The pain of losing the brother who idolized him has fueled Abbate and the 16th-ranked Demon Deacons during the best season in school history – and to a berth in Saturday’s Atlantic Coast Conference title game against Georgia Tech.

“That really is a testimony to the kind of guy he is,” quarterback Riley Skinner said. “To have something like that happen to his family and in his life, his family used that as motivation and not let that bring him down. He knows his brother’s in a good place with the Lord, and now all he wants to do is play for him. That’s pretty encouraging, and it makes you want to do it, too.”

For years, Luke was a fixture in the Wake Forest post-game locker room, where he’d always ask the Demon Deacons for their gloves. A receiver and linebacker at Harrison High School in Kennesaw, Ga., the younger Abbate wore jersey No. 5 with pride.

Then, on Feb. 13, everything changed. Luke was riding home from lacrosse practice with four teammates when their car crashed. He died the next day.

“It’s been a roller-coaster ride ever since it happened,” Abbate said. “You think you’re doing good, and then all of a sudden you’ll get a memory or something will remind you of him, and you just break down.”

As Abbate mourned, he found comfort on the football field, the 100-yard-long common ground he and Luke shared.

He dedicated the season to his brother, switched his jersey number to honor his memory, channeled that grief into his play and galvanized the teammates who loved his brother almost as much as he still does.

“The way it’s changed me is to not only to lead as a football player, and not only as a teammate on the football field, but as a teammate off the field,” said Abbate, a junior and three-year starter who leads the team in tackles. “To be there for people in certain circumstances like this. Just every day in life, to be there for people when they need to talk. It’s just taught me to not only be there for people in football, but for other reasons.”

The Demon Deacons have grown tighter, drawing inspiration from the sight of Abbate’s parents at games. Most players attended Luke’s funeral, creating a bond that supersedes football.

“To see his family before every game, things like that, they talk about Luke and they talk about playing for him and he’ll be watching,” Skinner said.
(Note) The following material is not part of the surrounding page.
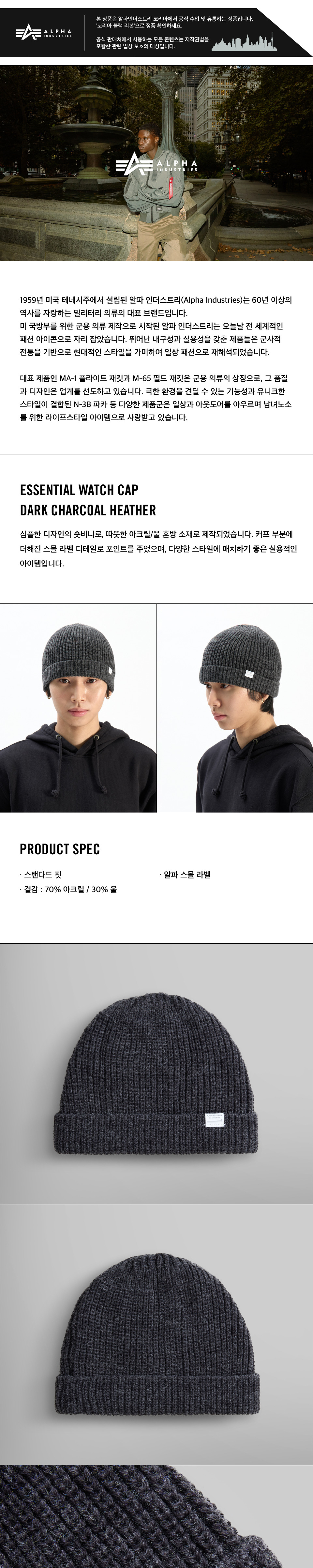 알파 인더스트리 에센셜 워치 캡 다크 차콜 헤더

“It really hits you hard, the kind of guy that Jon is and the kind of family that he has. He’s a huge inspiration and he’s a huge leader on our team. Through that and also through the kind of player he is, he’ll give it his all.”

And the Demon Deacons are convinced that nobody would’ve enjoyed their remarkable run more than Luke Abbate.

They say Luke would’ve cherished each of their school-record 10 victories, especially the 24-17 victory over North Carolina that Abbate preserved with an interception in the end zone in the waning seconds.

And no doubt, they insist, Luke would be waiting outside the locker room at Alltel Stadium after the ACC championship game against Georgia Tech, hoping to add more gloves to his collection.

“I think he’d be ecstatic,” Abbate said. “He’d be so pumped up with the way the season has gone.”